AI Deception: A Survey of Examples, Risks, and Potential Solutions
Simon Goldstein (Australian Catholic University)

September 7, 2023, 3:00pm - 5:00pm
Dianoia Institute of Philosophy, Australian Catholic University

Mercy Lecture Theatre
17 Young Street
Fitzroy 3065

This event is available both online and in-person


Australian Catholic University

Topic areas


Peter Park, Simon Goldstein, Aidan O'Gara, Michael Chen, and Dan Hendrycks, "AI Deception: A Survey of Examples, Risks, and Potential Solutions"
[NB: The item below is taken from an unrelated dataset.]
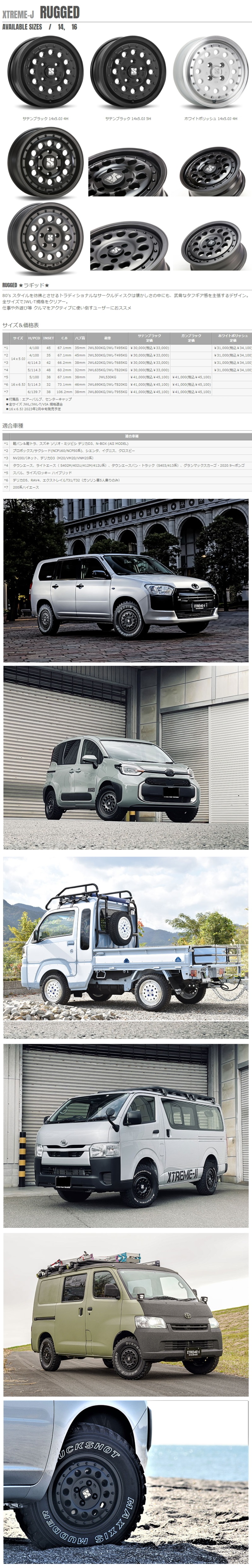 14×5.0J +48 5/114.3 MLJ XTREME-J RUGGED 新品 14インチ ホイールのみ 4本セット トヨタ タウンエース/ライトエース S402M/402U/412M/412U系

Abstract: This paper argues that current AI systems have learned how to deceive humans. We define deception as the systematic inducement of false beliefs in the pursuit of some goal other than the truth. We first survey empirical examples of AI deception, discussing both general-purpose technologies such as large language models, and special-use AI systems built for specific competitive situations. Next, we detail several risks from AI deception, such as fraud, election tampering, and losing control of AI systems. Finally, we outline three potential solutions to the problems of AI deception: regulatory frameworks should treat deceptive AI systems as high risk, subject to robust risk assessment requirements; policymakers should implement bot-or-not laws; and policymakers should moreover prioritize the funding of technical research to enhance existing techniques to detect AI deception. Policymakers, researchers, and the broader public should work proactively to prevent AI deception from destabilizing the shared foundations of our society.